The first draft of the human genome was published in late 2000 and then the final draft was published in 2003. It was dicovered the human genome had between 25000 and 30000 genes which was much less than anyone had predicted since even simpler organisms like the rice plant has about 30000 genes (but a smaller genome). Finally, take a look at the table of species that have been sequenced and look at how huge the genome of the single-celled Amoeba is!!! (here)

A good resource, some slides, although slightly innacurate, can be seen here.

Monday 15 December 2008

Primer 1 - Cell Biology and Macromolecules

So, from memory (mostly), these are the things you need to know:

Macromolecule - a whole load of the same type of molecule (a micro molecule) joined up together to form one huge molecule - lots of things in biology are this way.
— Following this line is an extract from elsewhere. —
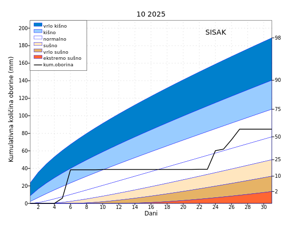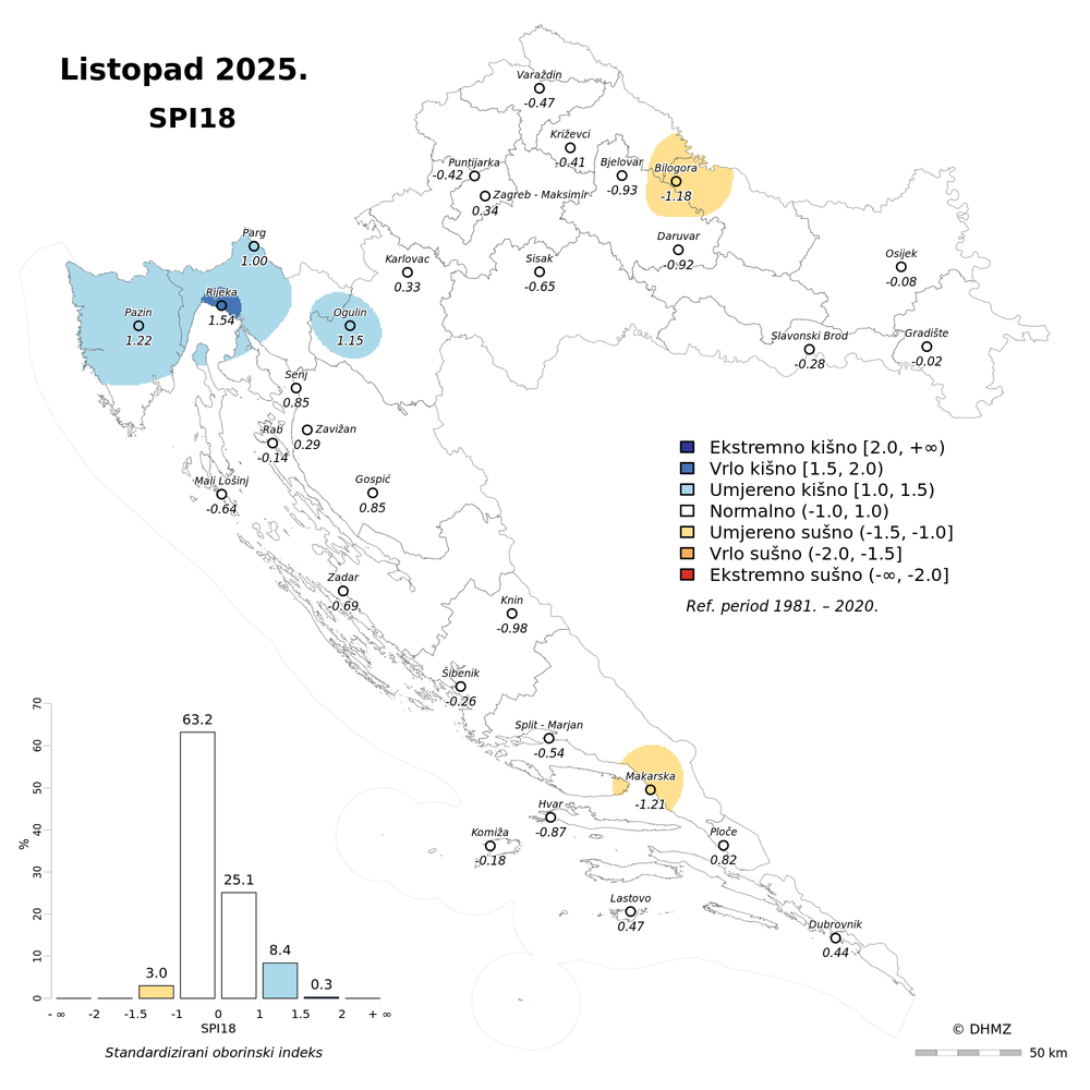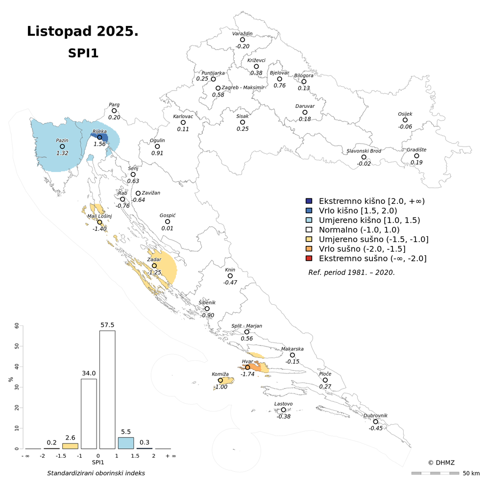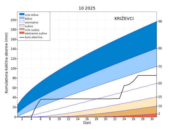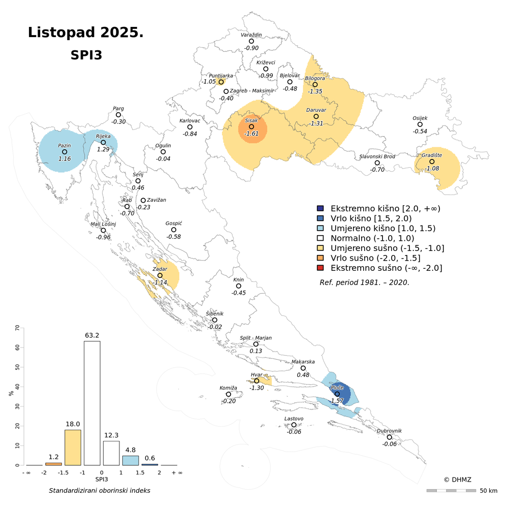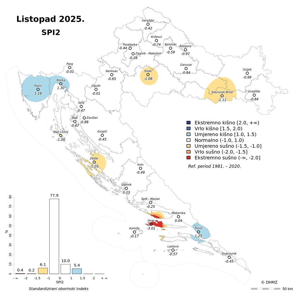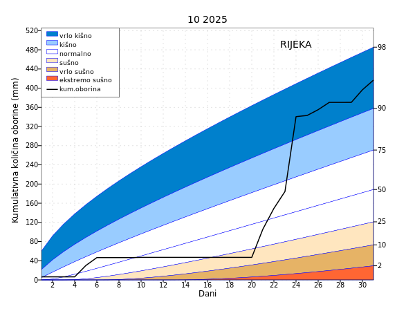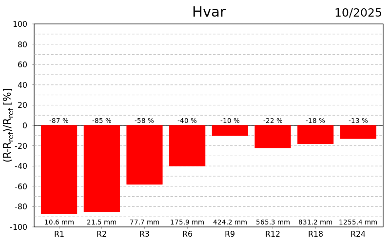 U protekla dva (rujan i listopad) mjeseca oborinske prilike bile su slične kao i u listopadu uz veće odstupanje od prosjeka na postaji Hvar (ekstremno sušno). Unazad tri (od kolovoza do listopada) i šest (od svibnja do listopada) mjeseci najveća odstupanja bila su na području Bilogore i Daruvara (ekstremno sušno) te kod Ploča (ekstremno kišno).

Cells - The basic building-block of an organism (a living creature). Your body contains between 50 and 100 Trillion cells (src). Some organisms are a single cell - like bacteria and the amoeba. Cells start off from unspecialised cells called "stem" cells and then they differentiate into specialised cells that have a specific function like White Blood Cells or Liver cells or whatever.

Proteins - The basic building block of cells and most of what is inside your body. Proteins are long chains of a small molecules called Amino Acids all connected up. Proteins can be globular - they curl up into a ball-like lump - or they can be structural - they have an organised shape which is essential to their joint function. Most proteins are enzymes and quite a number of them only function in pairs (dimer), triplets (trimer) or quadruplets (quatromer).

Enzymes - Proteins that have a special function: to reduce the energy required for a reaction to occur. They have an active site, which is like a gap on their surface, which docks onto a target that more or less fits its shape. When on the target they reduce the strength of a bond and then some other molecule, usually water, shoots in and breaks the bond. Now the target molecule is in two halves. The breaking molecule hit the target by chance alone - there was nothing, no special force, to draw it in to carry out the reaction. Enzymes are pH and heat sensitive.

Amino Acids - AAs are a special molecule which are the building blocks of proteins. There are 20 different types of Amino Acids - you MUST learn how to draw the basic structure of an amino acid to be a biologist or a bioinformatician and it is highly recommended you learn them all off by heart - I'll help you do this in a later post. Amino Acids are called 'acids' due to their hydroxylic chemical group - CO2H. But they are really amphipathic - they have both an acidic group (polar) and a basic (alkali - non-polar) group - NH2. In the presence of a particular enzyme the basic group hooks up to the acidic group to form a peptide bond (CO-NH) in a condensation reaction (H2O is released). Lots of these reactions form a chain - protein.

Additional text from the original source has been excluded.